The required answer is the data below, restated word for word with images omitted.

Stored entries
-.-.-
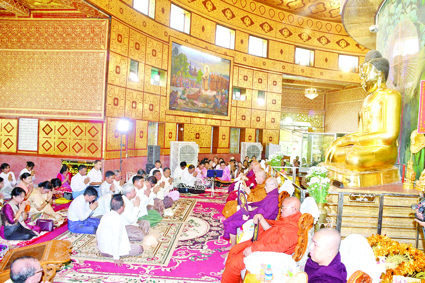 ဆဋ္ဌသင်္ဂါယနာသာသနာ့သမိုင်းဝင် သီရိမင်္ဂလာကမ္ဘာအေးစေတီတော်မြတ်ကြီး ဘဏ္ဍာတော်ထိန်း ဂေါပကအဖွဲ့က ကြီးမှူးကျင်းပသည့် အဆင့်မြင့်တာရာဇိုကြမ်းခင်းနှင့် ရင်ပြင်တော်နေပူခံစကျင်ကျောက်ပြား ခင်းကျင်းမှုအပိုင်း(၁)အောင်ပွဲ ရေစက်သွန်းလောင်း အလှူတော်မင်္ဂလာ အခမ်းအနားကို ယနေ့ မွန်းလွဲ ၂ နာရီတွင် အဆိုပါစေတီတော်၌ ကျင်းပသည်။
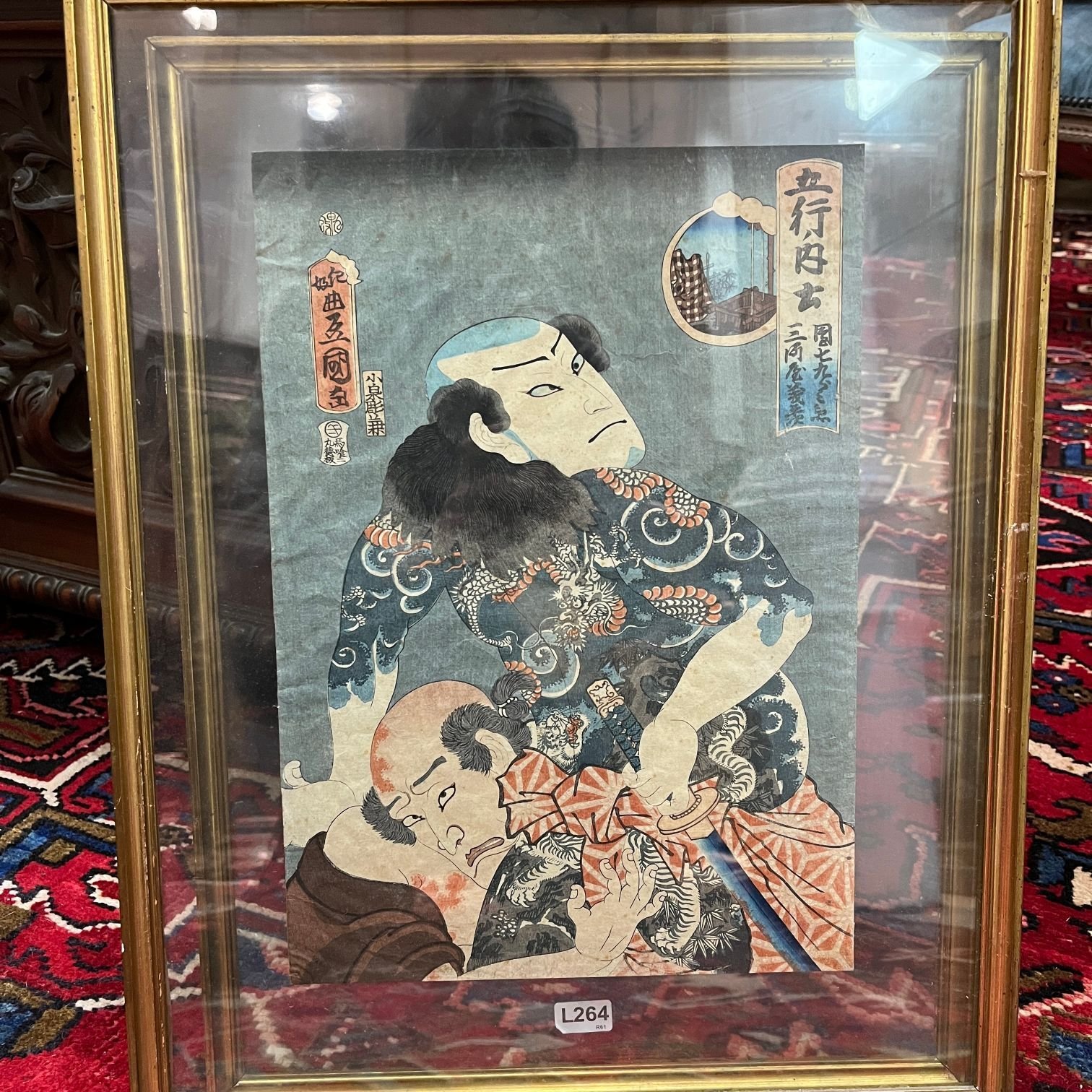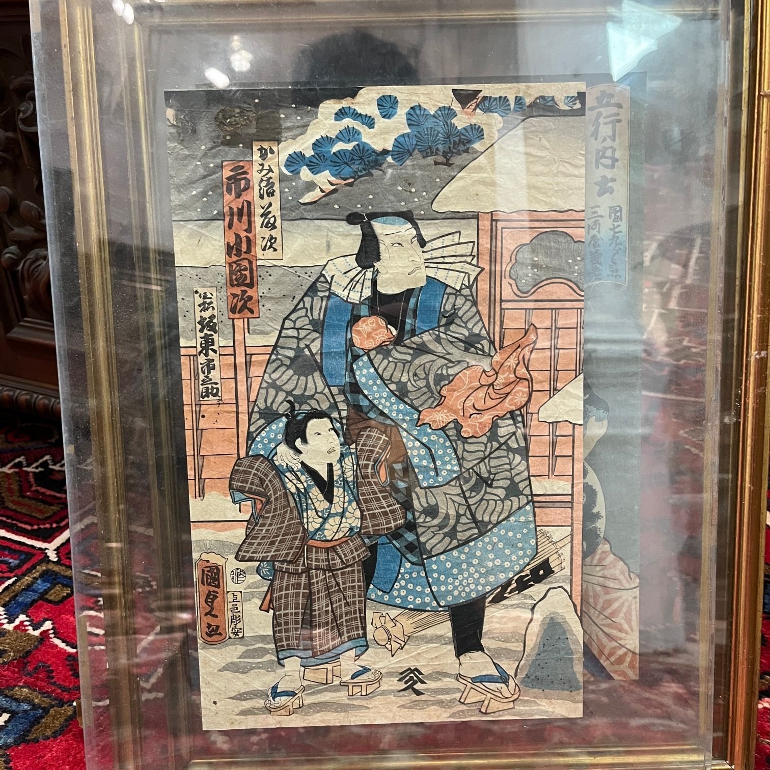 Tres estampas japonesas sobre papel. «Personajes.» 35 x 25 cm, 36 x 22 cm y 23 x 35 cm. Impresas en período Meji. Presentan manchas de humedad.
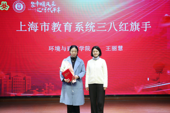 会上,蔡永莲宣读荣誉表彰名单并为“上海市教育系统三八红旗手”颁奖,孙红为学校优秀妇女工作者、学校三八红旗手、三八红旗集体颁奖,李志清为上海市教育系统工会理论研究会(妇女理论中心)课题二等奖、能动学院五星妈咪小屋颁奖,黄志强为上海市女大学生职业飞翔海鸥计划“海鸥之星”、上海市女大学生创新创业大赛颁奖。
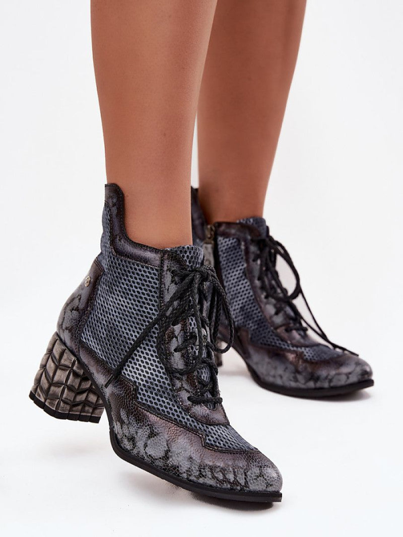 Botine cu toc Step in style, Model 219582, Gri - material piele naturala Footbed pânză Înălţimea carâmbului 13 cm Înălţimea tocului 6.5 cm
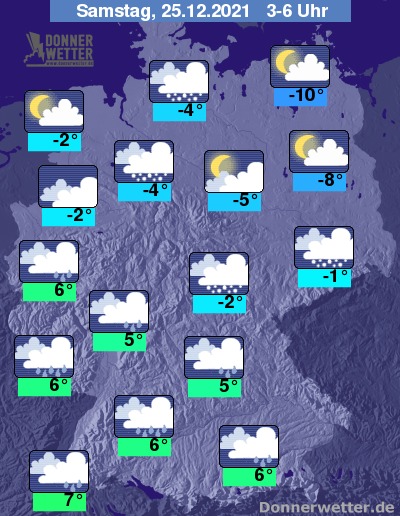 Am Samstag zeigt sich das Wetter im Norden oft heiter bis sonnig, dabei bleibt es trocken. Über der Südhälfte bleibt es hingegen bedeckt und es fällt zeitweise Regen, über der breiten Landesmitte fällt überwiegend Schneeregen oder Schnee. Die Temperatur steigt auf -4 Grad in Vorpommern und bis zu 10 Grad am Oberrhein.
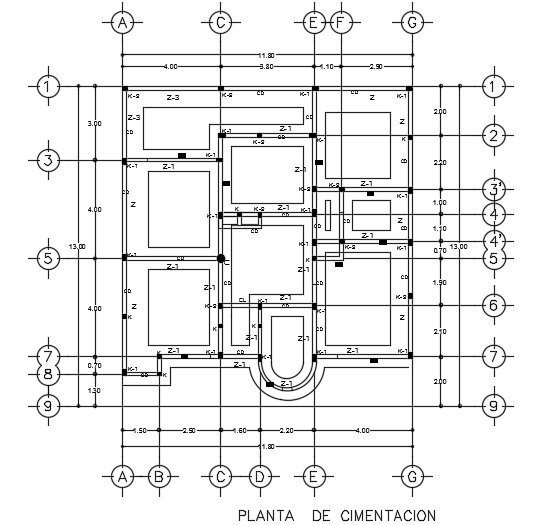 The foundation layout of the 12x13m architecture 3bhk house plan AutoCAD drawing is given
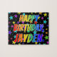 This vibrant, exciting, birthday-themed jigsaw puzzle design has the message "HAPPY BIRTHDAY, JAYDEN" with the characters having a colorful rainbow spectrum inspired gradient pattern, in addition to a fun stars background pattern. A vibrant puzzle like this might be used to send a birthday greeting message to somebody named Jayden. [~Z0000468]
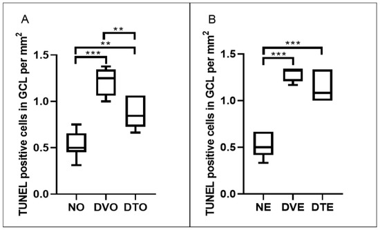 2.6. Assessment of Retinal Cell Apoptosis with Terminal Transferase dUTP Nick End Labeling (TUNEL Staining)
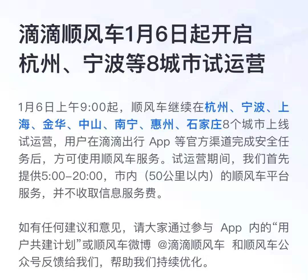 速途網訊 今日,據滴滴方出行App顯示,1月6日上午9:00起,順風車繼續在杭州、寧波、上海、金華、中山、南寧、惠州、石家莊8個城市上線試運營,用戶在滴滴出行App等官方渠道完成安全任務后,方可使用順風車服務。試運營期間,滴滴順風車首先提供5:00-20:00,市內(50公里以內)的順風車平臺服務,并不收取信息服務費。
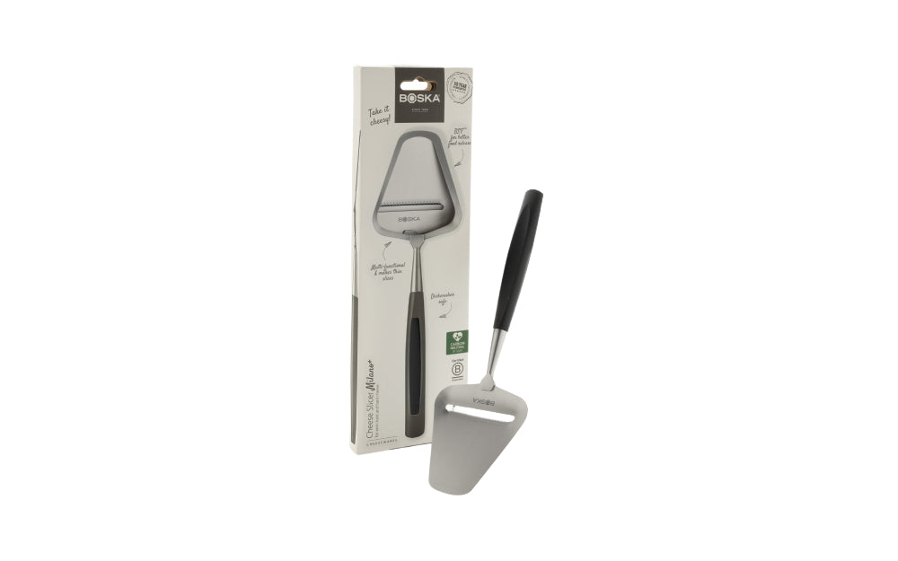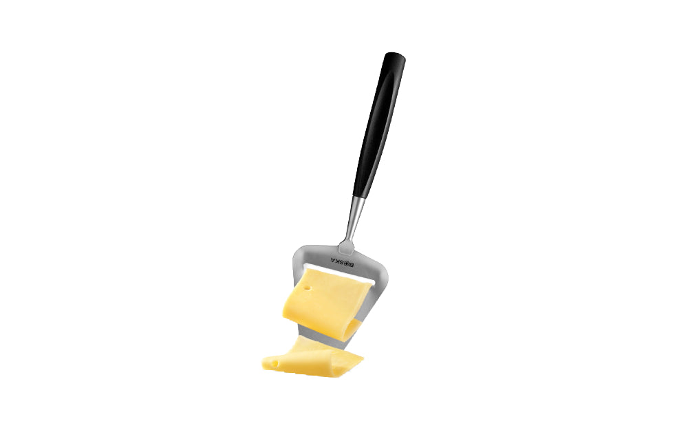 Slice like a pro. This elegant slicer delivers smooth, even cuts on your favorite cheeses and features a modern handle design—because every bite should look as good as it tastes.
-.-.-
• [Solution to this task]:
 ဆဋ္ဌသင်္ဂါယနာသာသနာ့သမိုင်းဝင် သီရိမင်္ဂလာကမ္ဘာအေးစေတီတော်မြတ်ကြီး ဘဏ္ဍာတော်ထိန်း ဂေါပကအဖွဲ့က ကြီးမှူးကျင်းပသည့် အဆင့်မြင့်တာရာဇိုကြမ်းခင်းနှင့် ရင်ပြင်တော်နေပူခံစကျင်ကျောက်ပြား ခင်းကျင်းမှုအပိုင်း(၁)အောင်ပွဲ ရေစက်သွန်းလောင်း အလှူတော်မင်္ဂလာ အခမ်းအနားကို ယနေ့ မွန်းလွဲ ၂ နာရီတွင် အဆိုပါစေတီတော်၌ ကျင်းပသည်။
 Tres estampas japonesas sobre papel. «Personajes.» 35 x 25 cm, 36 x 22 cm y 23 x 35 cm. Impresas en período Meji. Presentan manchas de humedad.
 会上,蔡永莲宣读荣誉表彰名单并为“上海市教育系统三八红旗手”颁奖,孙红为学校优秀妇女工作者、学校三八红旗手、三八红旗集体颁奖,李志清为上海市教育系统工会理论研究会(妇女理论中心)课题二等奖、能动学院五星妈咪小屋颁奖,黄志强为上海市女大学生职业飞翔海鸥计划“海鸥之星”、上海市女大学生创新创业大赛颁奖。
 Botine cu toc Step in style, Model 219582, Gri - material piele naturala Footbed pânză Înălţimea carâmbului 13 cm Înălţimea tocului 6.5 cm
 Am Samstag zeigt sich das Wetter im Norden oft heiter bis sonnig, dabei bleibt es trocken. Über der Südhälfte bleibt es hingegen bedeckt und es fällt zeitweise Regen, über der breiten Landesmitte fällt überwiegend Schneeregen oder Schnee. Die Temperatur steigt auf -4 Grad in Vorpommern und bis zu 10 Grad am Oberrhein.
 The foundation layout of the 12x13m architecture 3bhk house plan AutoCAD drawing is given
 This vibrant, exciting, birthday-themed jigsaw puzzle design has the message "HAPPY BIRTHDAY, JAYDEN" with the characters having a colorful rainbow spectrum inspired gradient pattern, in addition to a fun stars background pattern. A vibrant puzzle like this might be used to send a birthday greeting message to somebody named Jayden. [~Z0000468]
 2.6. Assessment of Retinal Cell Apoptosis with Terminal Transferase dUTP Nick End Labeling (TUNEL Staining)
 速途網訊 今日,據滴滴方出行App顯示,1月6日上午9:00起,順風車繼續在杭州、寧波、上海、金華、中山、南寧、惠州、石家莊8個城市上線試運營,用戶在滴滴出行App等官方渠道完成安全任務后,方可使用順風車服務。試運營期間,滴滴順風車首先提供5:00-20:00,市內(50公里以內)的順風車平臺服務,并不收取信息服務費。
 Slice like a pro. This elegant slicer delivers smooth, even cuts on your favorite cheeses and features a modern handle design—because every bite should look as good as it tastes.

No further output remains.